> TRY IT
Transcribe the entries exactly as they stand below, passing over any picture.
--- THE INPUT ---
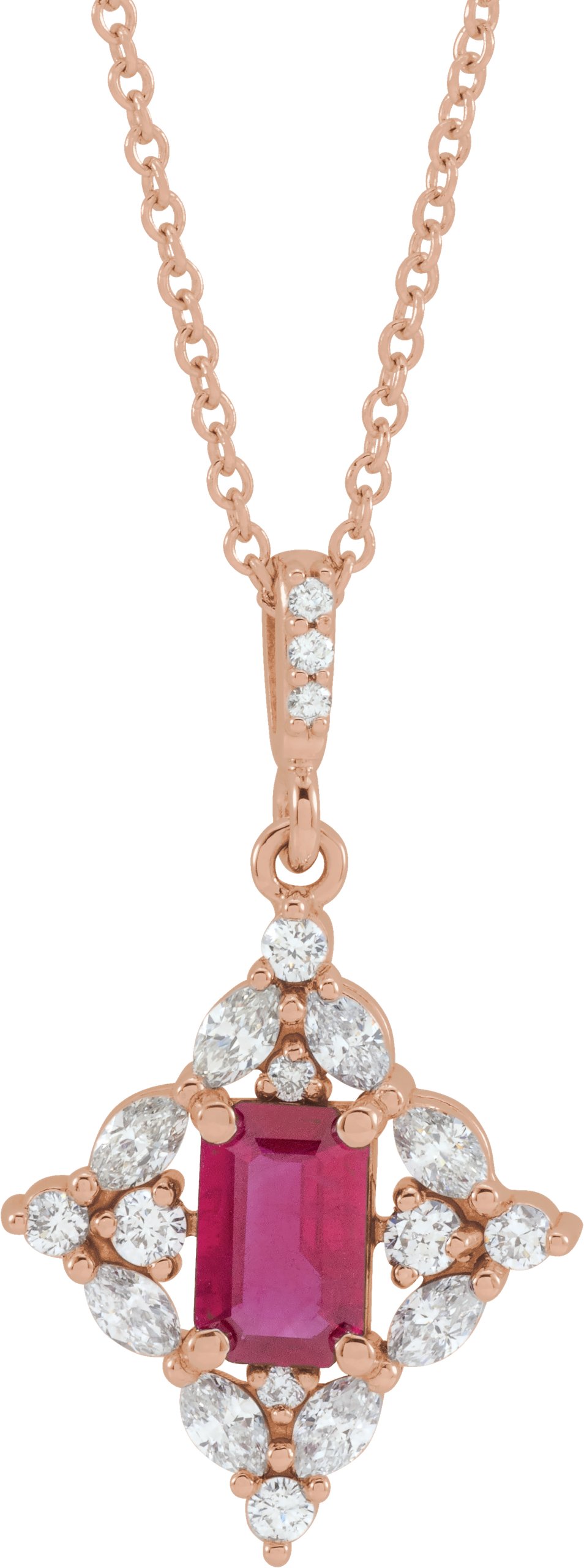 14K Rose Ruby & 3/8 CTW Diamond 16 18 inch Necklace
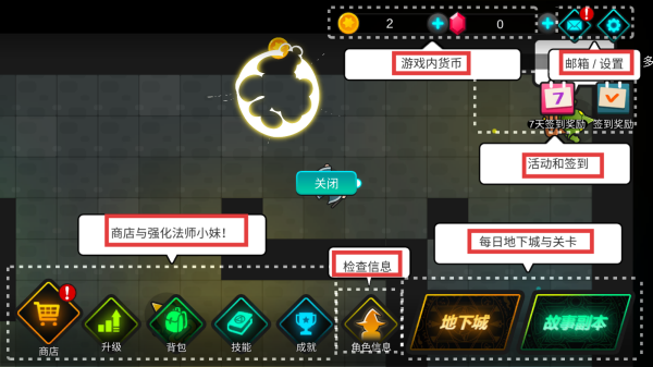 1、游戏初始界面,“邮箱/设置”可处理邮件、调整游戏设置,“活动和签到”能获取签到奖励,其中还有更多功能可以探索。
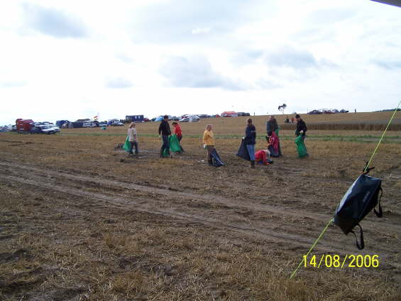 Die Zelte stehen noch und der erste Trupp des Veranstalters war unterwegs um den Platz wieder auf Vordermann zu bringen. Voriges Jahr wurden immerhin 70 t Müll vom Veranstalter entsorgt.
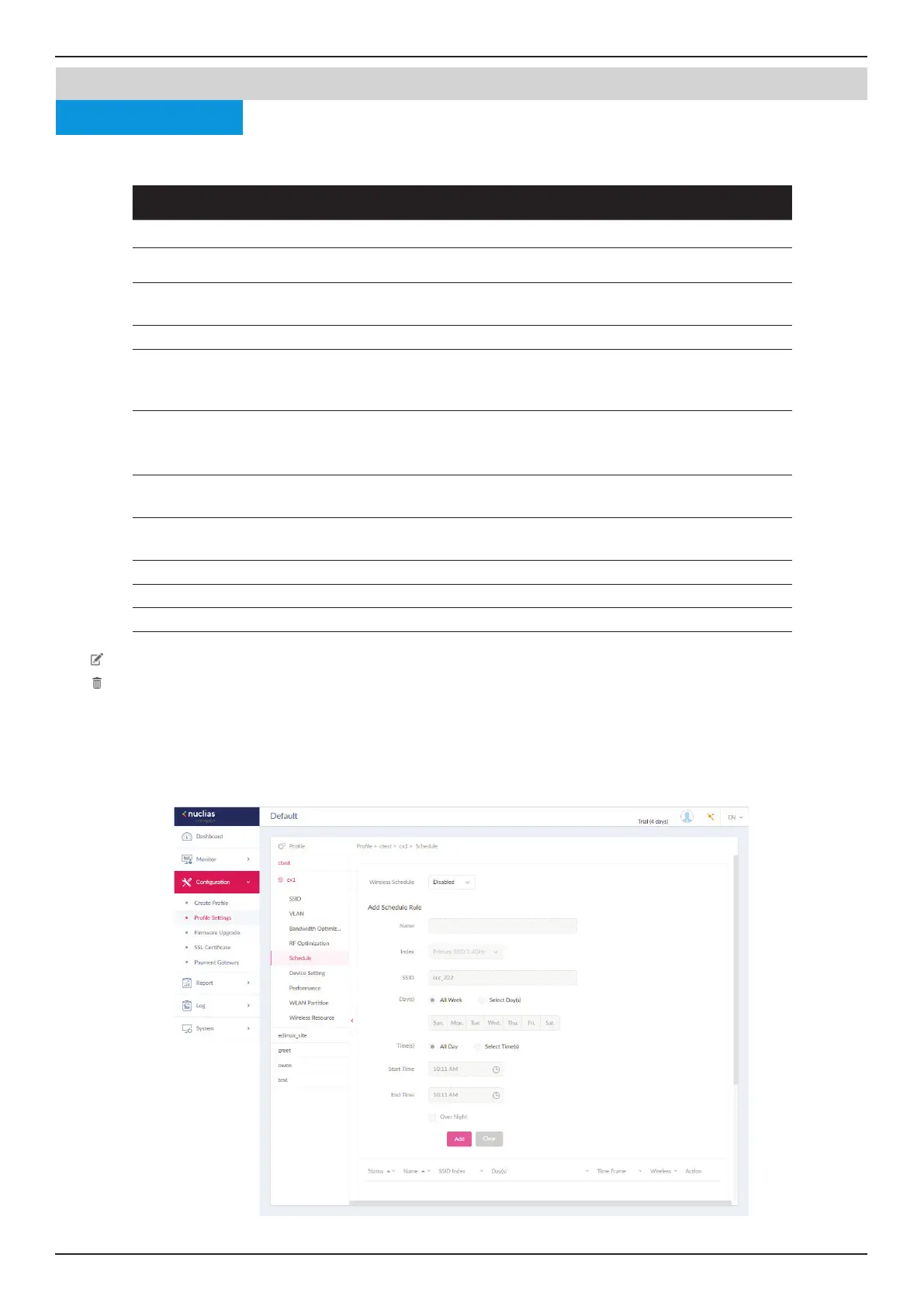 Under the Schedule page, you can congure a schedule to keep the SSID active within a specied time. Navigate to Conguration
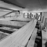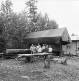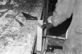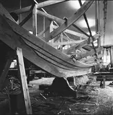 Bygge av SOFIA LINNEA i Börje Anderssons verkstad i Roslagskulla.Björn Lindroth? sågar timmer.
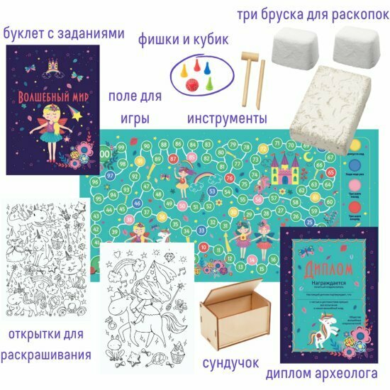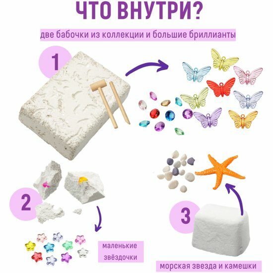 | Комплектация | деревянный молоточек, деревянный стек для дробления, окаменелый грунт, артефакты (россыпь разноцветных находок из пластика), мешочек для находок |
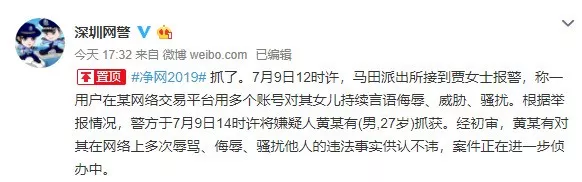深圳公安發(fā)出警情通報,7月9日下午兩點左右,將犯罪嫌疑人黃某有抓獲。經(jīng)初審,黃某有對其在網(wǎng)絡上多次辱罵、侮辱、騷擾他人的違法事實供認不諱。目前,案件正在進一步偵辦當中。
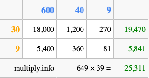 Finally, we add up all the sums we found in step 3 to get our final answer to 649 times 39.
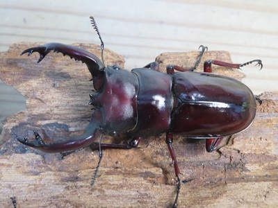 大型になると大アゴの湾曲が強くなり、複雑な形状に発達しいっそう迫力が増すクワガタです。
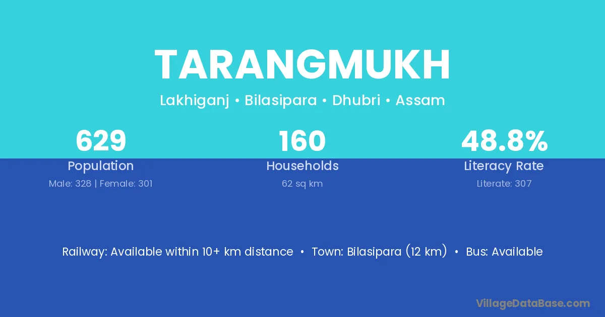 Bilasipara (12 km) is the nearest town to Tarangmukh village for major economic activities and is located approximately 12 km away.
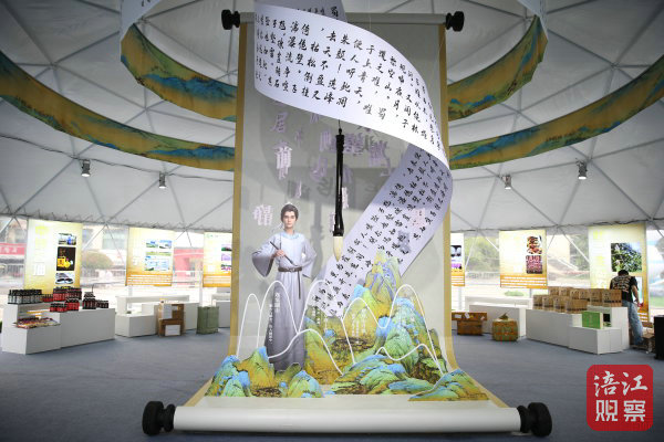 继续前行,此次活动的主题县江油馆便呈现在眼前。入馆后,中心位置打造了太白立体画轴创意造型,画轴以李白诗词为屏,画轴前方为立体的奇山异水造型,向杭州市民展示“蜀道太白乡,诗意栖居地”的浪漫江油。同时,集合江油文旅资源、非遗传承、文创产品、李白文化推广等板块内容进行展示。
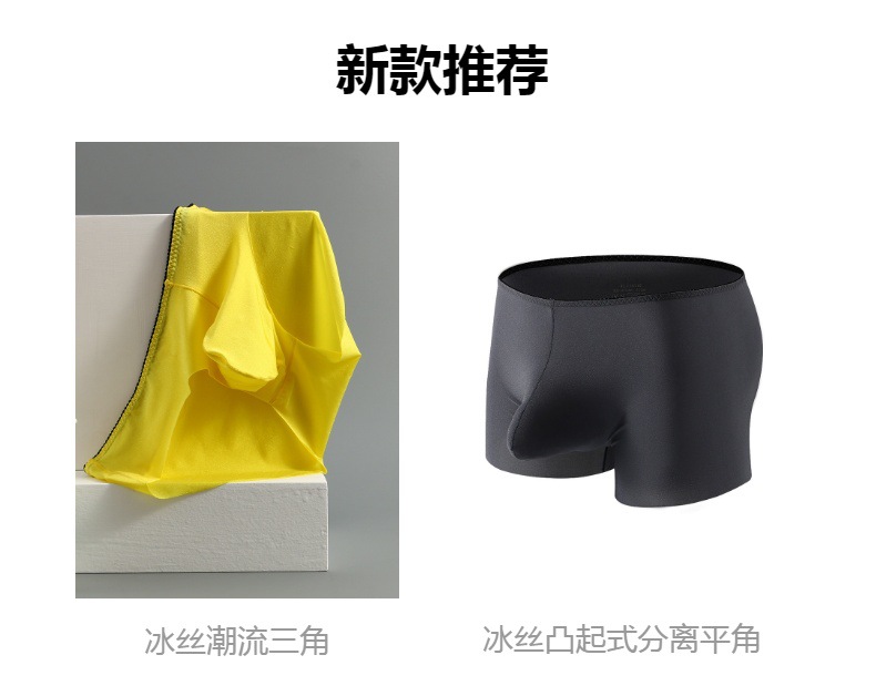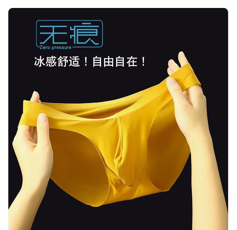 Primavera y verano nueva ropa interior sin costuras de seda de hielo calzoncillos para hombres pistola convexa separación de huevos secado rápido moda juvenil pantalones cortos de color sólido
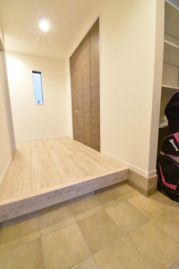 玄関脇には、ゴルフバッグも置ける広めの土間収納を設けています。
---
> RESULT OF THE EXERCISE
 14K Rose Ruby & 3/8 CTW Diamond 16 18 inch Necklace
 1、游戏初始界面,“邮箱/设置”可处理邮件、调整游戏设置,“活动和签到”能获取签到奖励,其中还有更多功能可以探索。
 Die Zelte stehen noch und der erste Trupp des Veranstalters war unterwegs um den Platz wieder auf Vordermann zu bringen. Voriges Jahr wurden immerhin 70 t Müll vom Veranstalter entsorgt.
 Under the Schedule page, you can congure a schedule to keep the SSID active within a specied time. Navigate to Conguration
 Bygge av SOFIA LINNEA i Börje Anderssons verkstad i Roslagskulla.Björn Lindroth? sågar timmer.
 | Комплектация | деревянный молоточек, деревянный стек для дробления, окаменелый грунт, артефакты (россыпь разноцветных находок из пластика), мешочек для находок |
深圳公安發(fā)出警情通報,7月9日下午兩點左右,將犯罪嫌疑人黃某有抓獲。經(jīng)初審,黃某有對其在網(wǎng)絡上多次辱罵、侮辱、騷擾他人的違法事實供認不諱。目前,案件正在進一步偵辦當中。
 Finally, we add up all the sums we found in step 3 to get our final answer to 649 times 39.
 大型になると大アゴの湾曲が強くなり、複雑な形状に発達しいっそう迫力が増すクワガタです。
 Bilasipara (12 km) is the nearest town to Tarangmukh village for major economic activities and is located approximately 12 km away.
 继续前行,此次活动的主题县江油馆便呈现在眼前。入馆后,中心位置打造了太白立体画轴创意造型,画轴以李白诗词为屏,画轴前方为立体的奇山异水造型,向杭州市民展示“蜀道太白乡,诗意栖居地”的浪漫江油。同时,集合江油文旅资源、非遗传承、文创产品、李白文化推广等板块内容进行展示。
 Primavera y verano nueva ropa interior sin costuras de seda de hielo calzoncillos para hombres pistola convexa separación de huevos secado rápido moda juvenil pantalones cortos de color sólido
 玄関脇には、ゴルフバッグも置ける広めの土間収納を設けています。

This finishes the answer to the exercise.